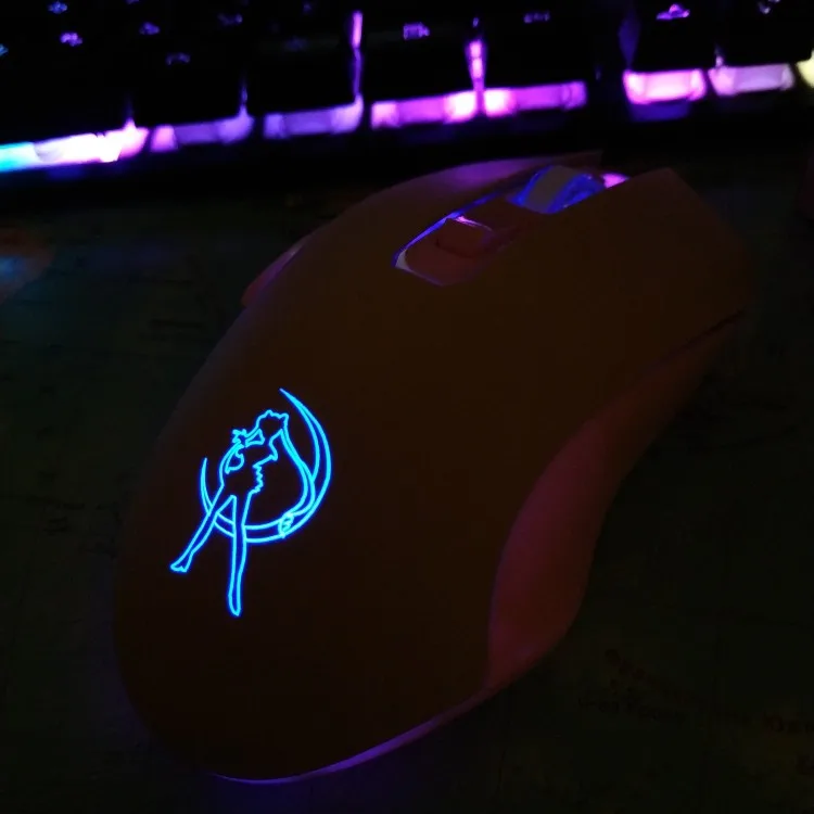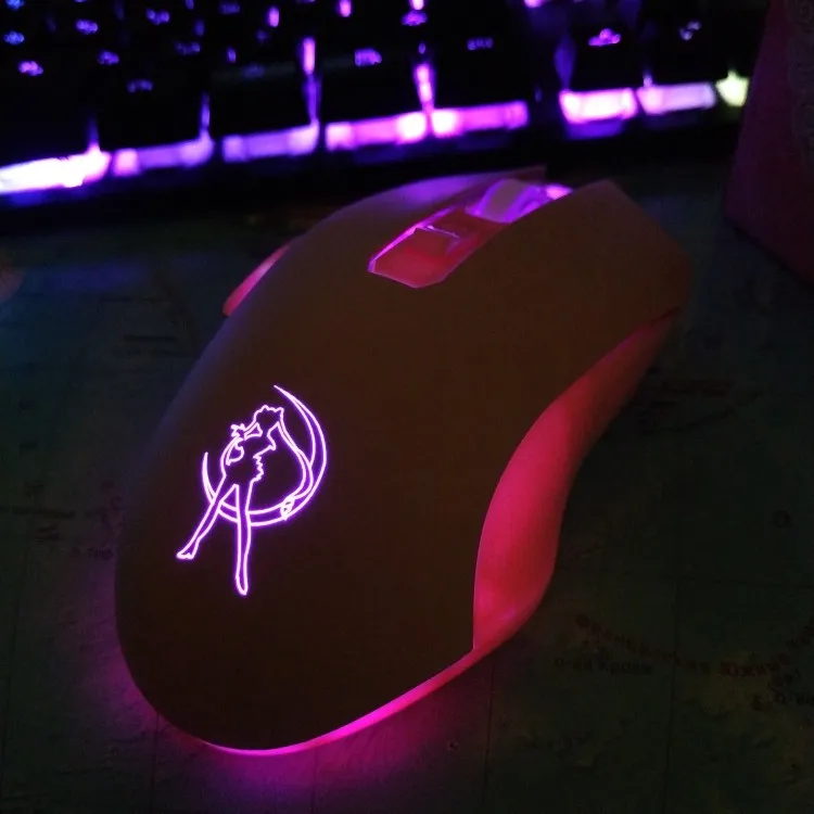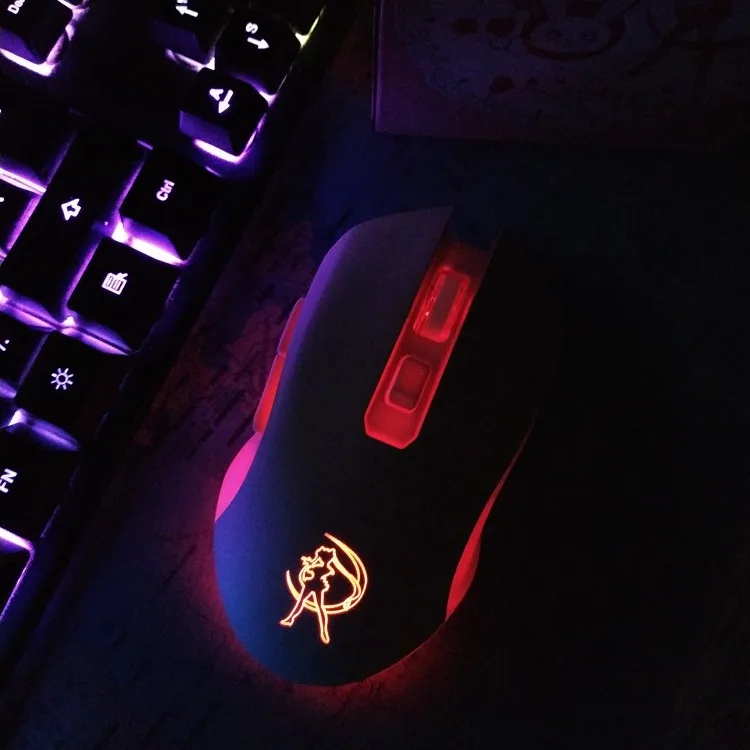 Мышка шла около месяца до Москвы , трек номер отслеживался , несмотря на то, что коробка не была обернута в пупырку , все пришло в целости . Нажатие кнопок достаточно плавное и мягкое , для игры не подойдёт конечно , но выполнять какие-то мелкие рабочие моменты подойдёт . Сейлор Мун горит всегда , если не выключать .
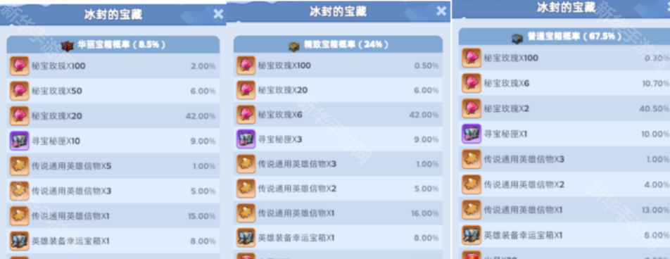 普通宝箱:每次开启普通宝箱获得秘宝玫瑰的数学期望值则为:1.75朵
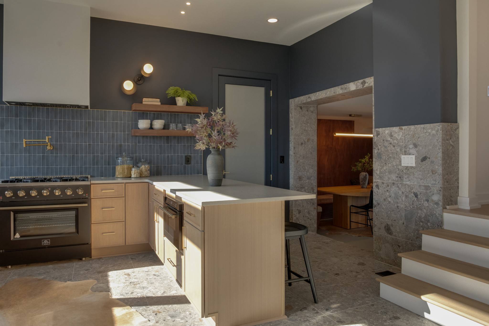 The state-of-the-art kitchen stands as the home's centerpiece—light-soaked, architectural, and meticulously appointed with oversized windows, luxury FORNO appliances, a full gas-burning range, custom cabinetry, refined surfaces, and award-acclaimed Terrazzo. A true chef-caliber environment built to perform.
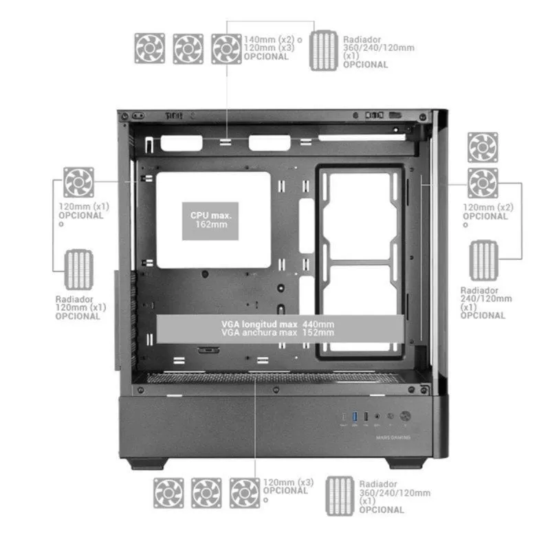 - Diámetro de ventiladores inferiores secundarios soportados: 120 mm
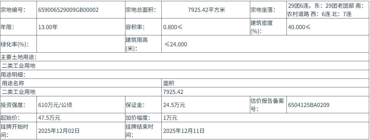 659006529009GB00002 号地块:2025年12月02日 10时00分 至 2025年12月11日 12时00分;
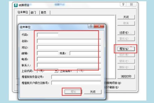 3、核算项目:在此增加往来单位、部门和职员的资料。 在“往来单位”页输入往单位代码和名称。
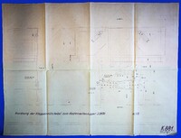 Χαρτόνι διπλωμένο σε τρία μέρη με σχέδια σε διάφορες κλίμακες.
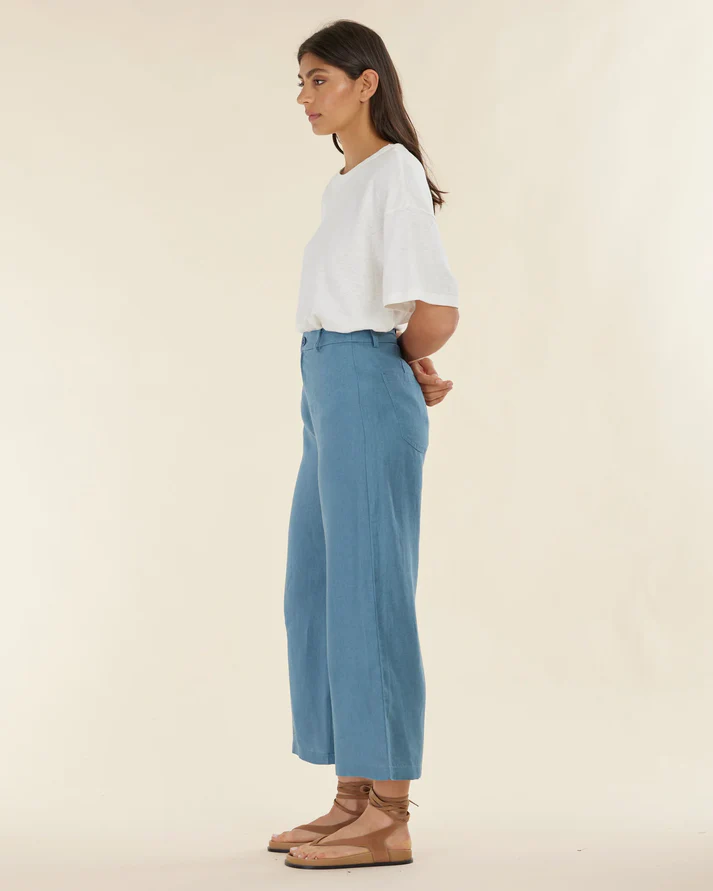 Designed with versatility in mind, the Barossa Linen Pant features a relaxed fit and wide-leg silhouette, ensuring all-day comfort while maintaining a chic appearance. Pair it with a simple tee for a casual daytime look or dress it up with a blouse for a more polished ensemble.
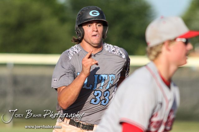 Garden City Elite Sloan Baker (#33) runs to steal Third Base in the bottom of the Sixth Inning. The Great Bend Chiefs won the AAA Lower Zone 1 & 2 Tournament by defeating the Garden City Elite 10 to 4 at Great Bend Sports Complex in Great Bend, Kansas on July 18, 2016. (Photo: Joey Bahr, www.joeybahr.com)undefined
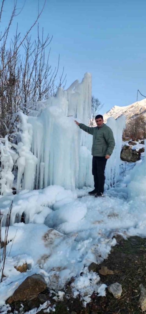 Bölgeden geçerken bu muhteşem görüntüyü kaydeden vatandaşlar, şunları söyledi: “Burası İçme’ye bağlı Değirmenönü köyü. Aşırı soğuklardan dolayı buz sarkıtları oluşmuş. Uzunluğu yaklaşık 5 metreyi buluyor. Gerçekten büyüleyici bir görüntü ortaya çıkmış. Palulu dayının da dediği gibi, anlatmaya gerek yok, görüyorsunuz.”
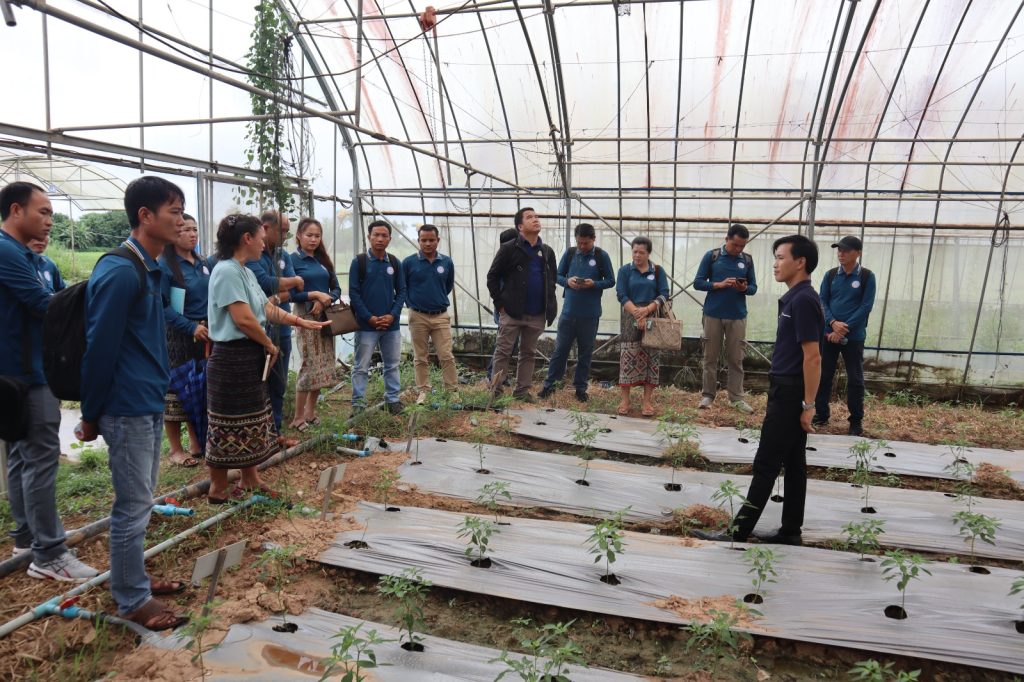 ໃນວັນທີ 28/8/2025 ທີ່ຜ່ານມາ ສູນຄົ້ນຄວ້າພືດຜັກ ແລະ ໄມ້ໃຫ້ໝາກ (ສຜໝ) ຮ່ວມກັບ ກົມສົ່ງເສີມກະສິກໍາ ແລະ ສະຫະກອນ ໄດ້ຮັບການທັດສະນະຂອງທີມງານວິຊາການຂັ້ນແຂວງ, ຂັ້ນເມືອງ ທີ່ມາຈາກ ແຂວງຫຼວງນໍ້າທາ ໂດຍການຕ້ອນຮັບຢ່າງອົບອຸ່ນຂອງ ທ່ານ ນ. ຕຸ່ງລຽນ ວິໄລພອນ ຮອງຄະນະສູນຄົ້ນຄວ້າພືດຜັກ ແລະ ໄມ້ໃຫ້ໝາກ ເຊິ່ງມີຜູ້ເຂົ້າຮ່ວມທັງໝົດ ຈໍານວນ 19 ທ່ານ ທ່ານ ແລະ ທີມງານວິຊາການຂອງສູນ (ສຜໝ) ຈໍານວນໜຶ່ງເຂົ້າຮ່ວມ ຈຸດປະສົງ: 1). ເພື່ອຢ້ຽມຢາມກິດຈະກໍາພາຍໃນສູນ 2). ເພື່ອແລກປ່ຽນ ແລະ ຖ່າຍທອດບົດຮຽນ ທາງດ້ານຜົນສໍາເລັດຂອງການຈັດຕັ້ງປະຕິບັດການຄົ້ນຄວ້າທົດລອງໂດຍສະເພາະເຕັກນິກການປູກພືດຜັກໃນເຮືອນຮົ່ມພາຍໄຕ້ການປ່ຽນແປງດິນຟ້າອາກາດ, ເຕັກນິກການປູກ, ບົວລະບັດຮັກສາ, ການຂະຫຍາຍພັນໄມ້ໃຫ້ໝາກ.

#### [Exercise]
Pictures are to be left out. Write out only the lines above starting at the one with "The state-of-the-art kitchen" and ending at the one with "Designed with versatility", both lines included, exactly.

#### [Written solution]
 The state-of-the-art kitchen stands as the home's centerpiece—light-soaked, architectural, and meticulously appointed with oversized windows, luxury FORNO appliances, a full gas-burning range, custom cabinetry, refined surfaces, and award-acclaimed Terrazzo. A true chef-caliber environment built to perform.
 - Diámetro de ventiladores inferiores secundarios soportados: 120 mm
 659006529009GB00002 号地块:2025年12月02日 10时00分 至 2025年12月11日 12时00分;
 3、核算项目:在此增加往来单位、部门和职员的资料。 在“往来单位”页输入往单位代码和名称。
 Χαρτόνι διπλωμένο σε τρία μέρη με σχέδια σε διάφορες κλίμακες.
 Designed with versatility in mind, the Barossa Linen Pant features a relaxed fit and wide-leg silhouette, ensuring all-day comfort while maintaining a chic appearance. Pair it with a simple tee for a casual daytime look or dress it up with a blouse for a more polished ensemble.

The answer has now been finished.